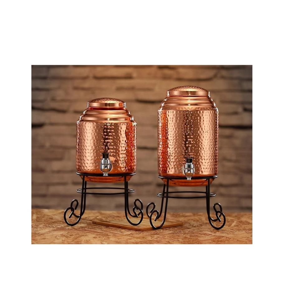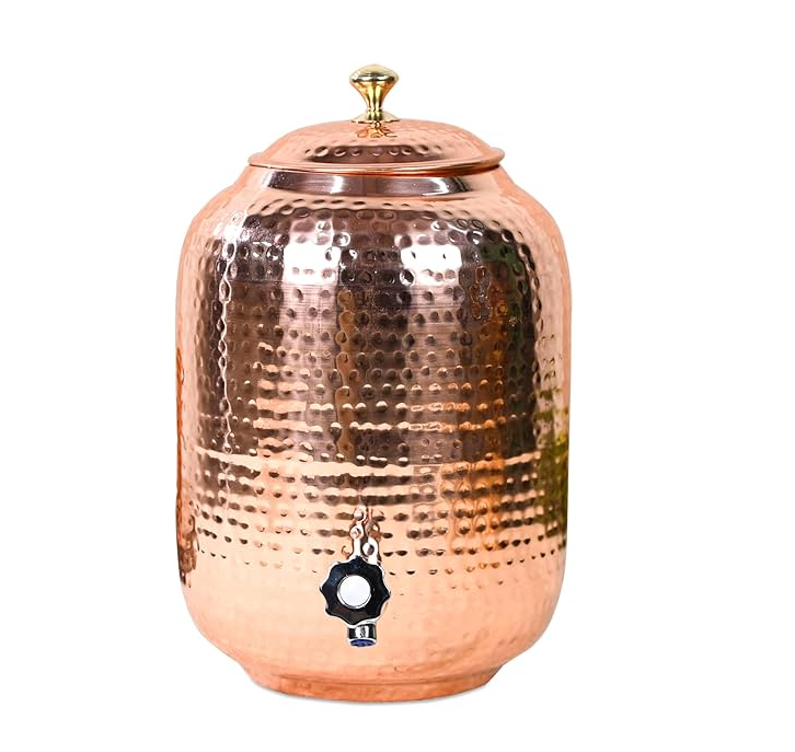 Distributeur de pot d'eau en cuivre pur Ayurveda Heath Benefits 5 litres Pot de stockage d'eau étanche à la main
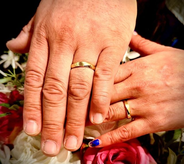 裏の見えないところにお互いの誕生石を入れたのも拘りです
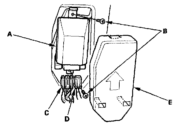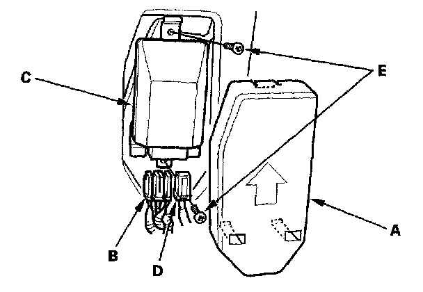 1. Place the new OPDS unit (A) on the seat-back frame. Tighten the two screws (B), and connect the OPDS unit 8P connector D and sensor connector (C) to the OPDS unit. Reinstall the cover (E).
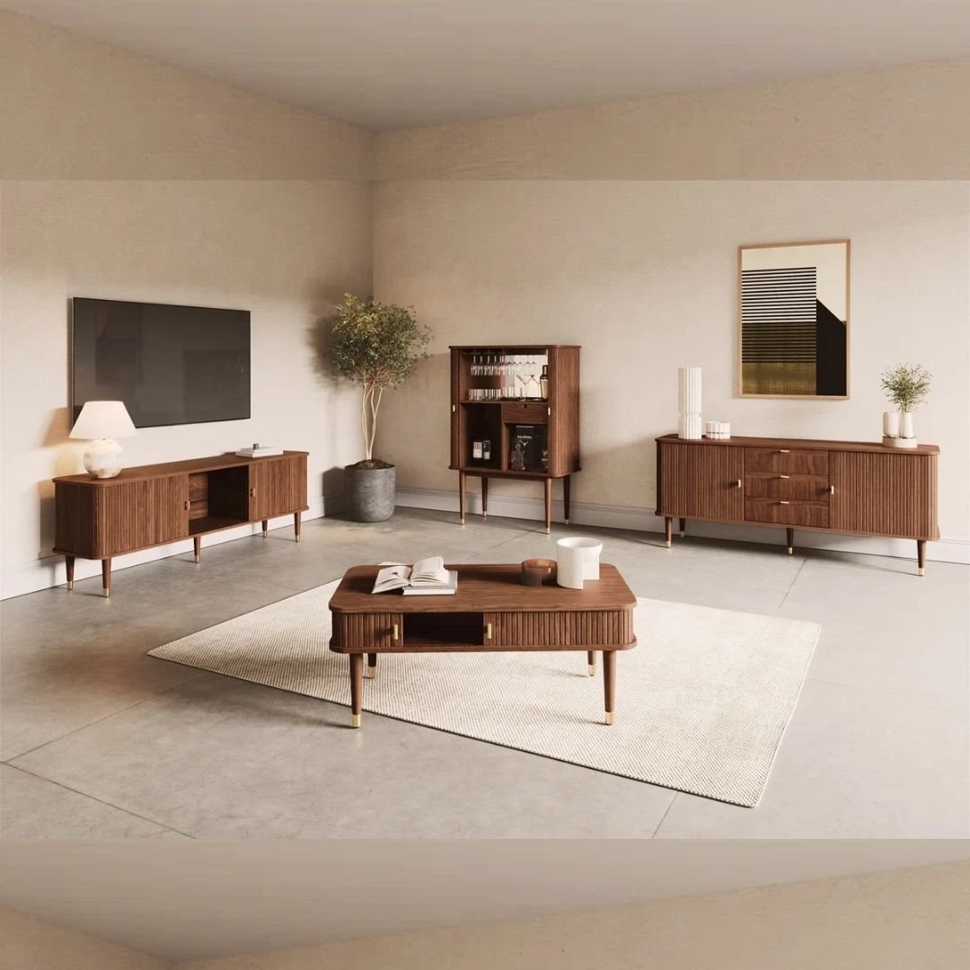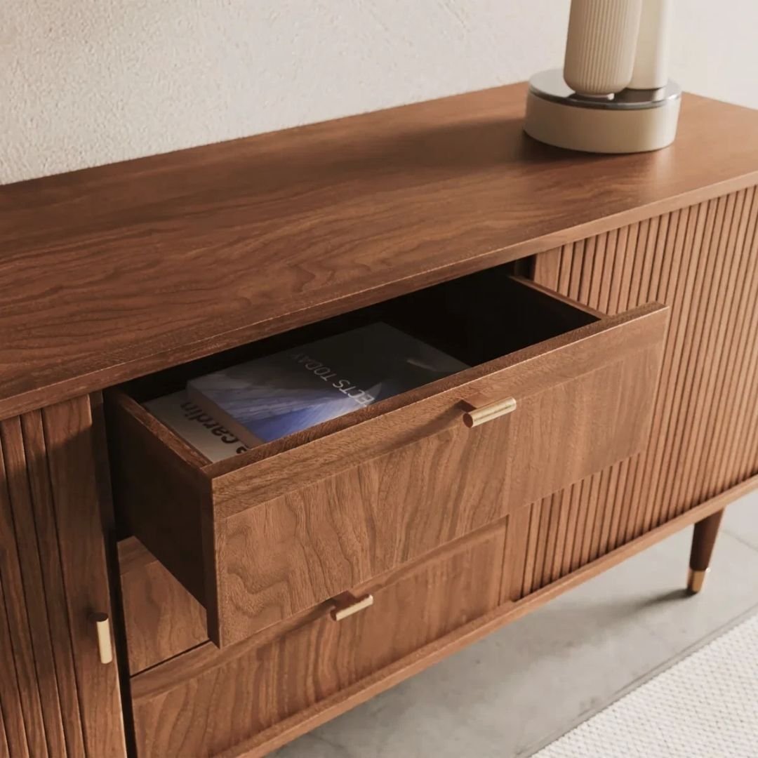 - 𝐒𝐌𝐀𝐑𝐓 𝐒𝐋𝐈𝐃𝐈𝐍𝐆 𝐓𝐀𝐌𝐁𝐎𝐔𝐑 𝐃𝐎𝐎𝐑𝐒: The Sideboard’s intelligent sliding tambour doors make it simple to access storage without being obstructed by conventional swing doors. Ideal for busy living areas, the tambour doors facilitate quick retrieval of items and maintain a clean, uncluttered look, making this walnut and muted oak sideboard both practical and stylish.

○ ○ ○

• WORK REQUEST
Would you reproduce the listing above exactly, without any of its images?

• RESULT BELOW
 Distributeur de pot d'eau en cuivre pur Ayurveda Heath Benefits 5 litres Pot de stockage d'eau étanche à la main
 裏の見えないところにお互いの誕生石を入れたのも拘りです
 1. Place the new OPDS unit (A) on the seat-back frame. Tighten the two screws (B), and connect the OPDS unit 8P connector D and sensor connector (C) to the OPDS unit. Reinstall the cover (E).
 - 𝐒𝐌𝐀𝐑𝐓 𝐒𝐋𝐈𝐃𝐈𝐍𝐆 𝐓𝐀𝐌𝐁𝐎𝐔𝐑 𝐃𝐎𝐎𝐑𝐒: The Sideboard’s intelligent sliding tambour doors make it simple to access storage without being obstructed by conventional swing doors. Ideal for busy living areas, the tambour doors facilitate quick retrieval of items and maintain a clean, uncluttered look, making this walnut and muted oak sideboard both practical and stylish.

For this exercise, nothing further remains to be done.